![]() |
SMP Sains Tebuireng - Proses belajar tidak hanya terbatas dalam dinding ruang kelas semata. Di mana pun seseorang berada dan dengan siapapun berjumpa, maka saat itu pula ilmu bisa didapatkan.
Ilmu tidak hanya sebatas kemampuan akademik, bahkan ada juga ilmu yang sangat berharga didapatkan dari seseorang yang mampu memberikan kebermanfaatan dalam menjalani kehidupan berdasar pengalaman hidup seseorang yakni ilmu tentang kehidupan.
Secara sadar ataupun tidak, setiap orang yang dijumpai bisa menjadi guru. Bahkan seorang pedagang pinggir jalan sekalipun.
Laiknya momen Kemerdekaan Bangsa Indonesia pada bulan Agustus saat ini. Tentunya banyak dijumpai kegiatan seremonial perayaan HUT Kemerdekaan Bangsa Indonesia, seperti jalan sehat, gerak jalan, hingga lomba-lomba khas lainnya. Pada saat itu pula akan banyak dijumpai penjual-penjual jajanan hingga bakso pinggir jalan yang turut hadir meramaikan lokasi acara.

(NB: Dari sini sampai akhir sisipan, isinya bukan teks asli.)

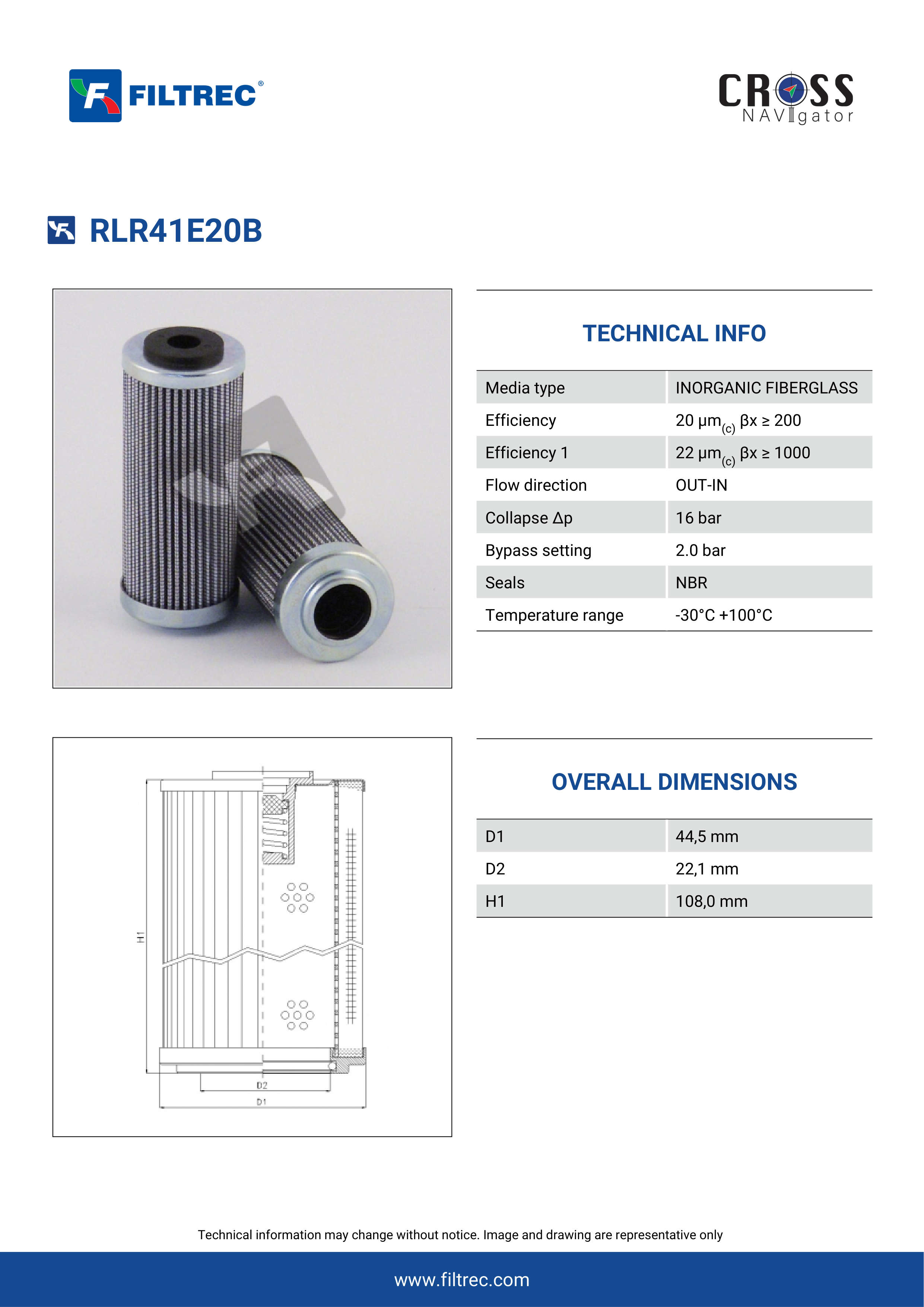 The efficiency of the element is shown using the Micron (µ) and Beta (β) ratings. The micron rating indicates the size of the particle being filtered and the beta rating the efficiency, calculated as 1/β.

Tetapi di salah satu lokasi, ada seorang pedagang bakso yang justru memilih tempat berdagang cukup jauh dari keramaian. Beliau berdalih bahwa rezeki sudah ada yang mengatur dan tidak akan salah sasaran. Hal itu terbukti dari beberapa pembeli yang datang. Berapapun hasil yang didapatkan di hari tersebut, maka itulah rezeki yang memang diperuntukkan bagi penjual.
Penjual tersebut menjelaskan,walaupun peluang dagangan cetapt habis, tetapi di tempat yang ramai itu sudah dipastikan banyak sekali pedagang makan serupa yang berjualan. Sehingga ada peluang juga, barang dagangan tidak terjual ataupun hanya terjual dengan jumlah lebih sedikit. Karena banyaknya sesama penjual berada di lokasi yang sama atau berdekatan.
Terpenting, imbuh penjual, yakni rasa ikhlas. Berapapun barang dagangan yang terjual apabila ikhlas, maka akan terasa nikmat dan akan terus ditambah sesuai takaran rezeki masing-masing.